### Data extract

"""

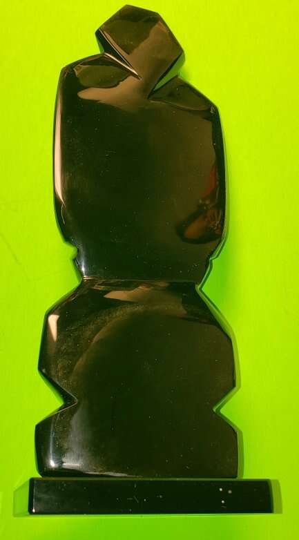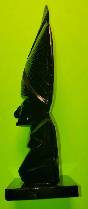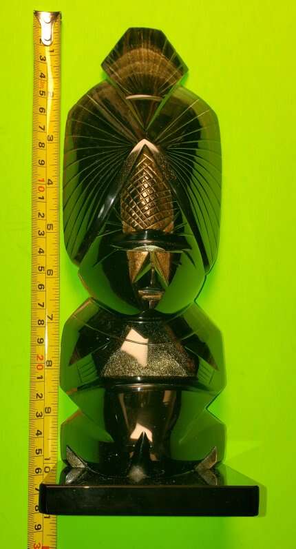 10" Totem on .50" Thick Pedestal. Aztec gold obsidian totem, handmade. Aztec art and culture has its roots in the Toltec civilization. Mexican obsidian is mined from areas such as the eastern part of Mexico where the Popocatépetl volcano is located. Obsidian is a type of volcanic glass, a rock that is formed as a result of magmatic activity, when there is a rapid contact of hot acid and viscous lava with a cold environment and subsequent rapid solidification. During volcanic activity, lava is produced, which moves under the influence of gravity and applied pressures. During the journey, it is slowly cooled by radiating heat to the atmosphere, which allows crystallization. However, there may be a case where the lava comes into contact with another environment such as water. Obsidian is formed by the contact of lava with the aquatic environment. Upon touch, the lava is rapidly cooled, which leads to the formation of a glassy structure, the water begins to evaporate due to heating and is replaced by a new unheated one, which again cools other lava flows. Text message is better, see my other adds, thank you.
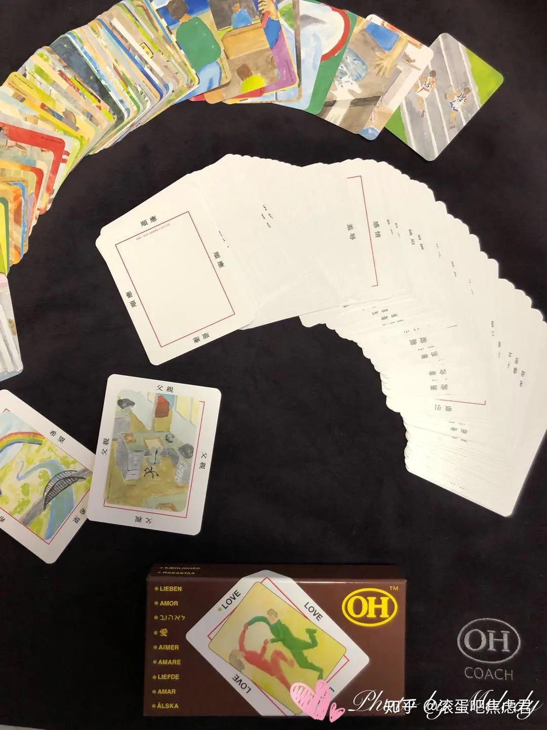 经典OH卡由88张图像卡和88张文字卡组成,共有176张卡片。图像卡可以叠放到文字卡上,产生不同的组合,能产生7744种不同的组合,每天换1种不同的字卡和图卡组合,需要21年。这88张图像卡里面包含了我们日常生活的各个层面,所以使用场景更为广泛。
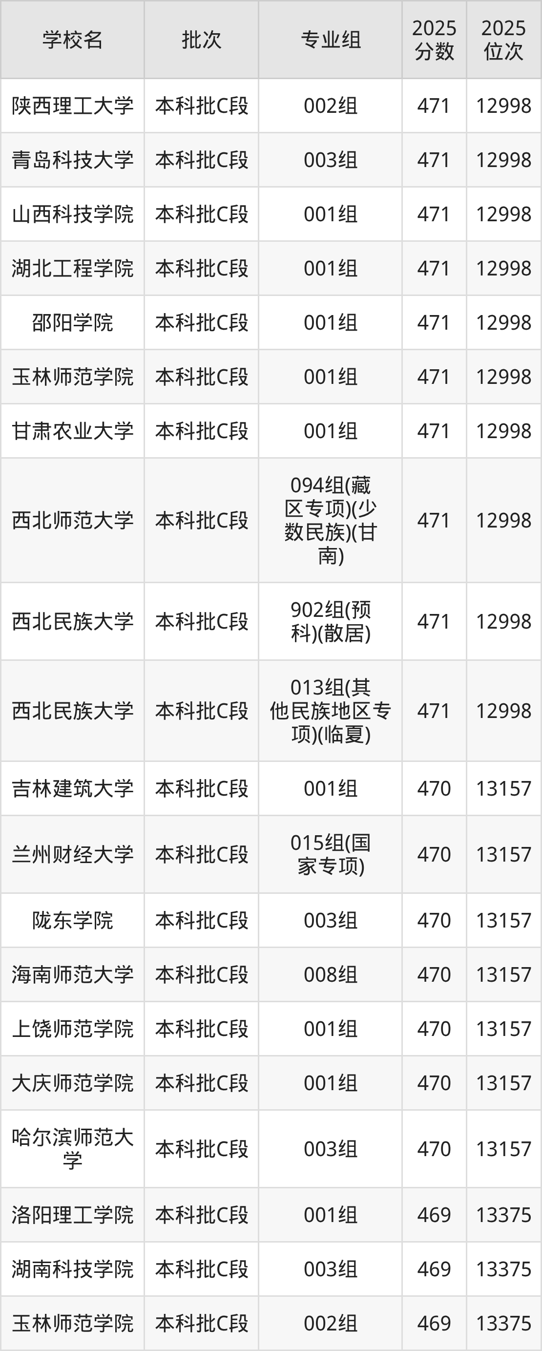 这些都是2026年高考历史类13376名~13568名考生可以报考的大学,更多学校名单如下表所示:

"""

### Assignment
Starting with the line that contains "经典OH卡由88张图像卡和8", repeat each line exactly through the last line of the data above, and nothing more; the pictures stay out.

### Written answer
 经典OH卡由88张图像卡和88张文字卡组成,共有176张卡片。图像卡可以叠放到文字卡上,产生不同的组合,能产生7744种不同的组合,每天换1种不同的字卡和图卡组合,需要21年。这88张图像卡里面包含了我们日常生活的各个层面,所以使用场景更为广泛。
 这些都是2026年高考历史类13376名~13568名考生可以报考的大学,更多学校名单如下表所示:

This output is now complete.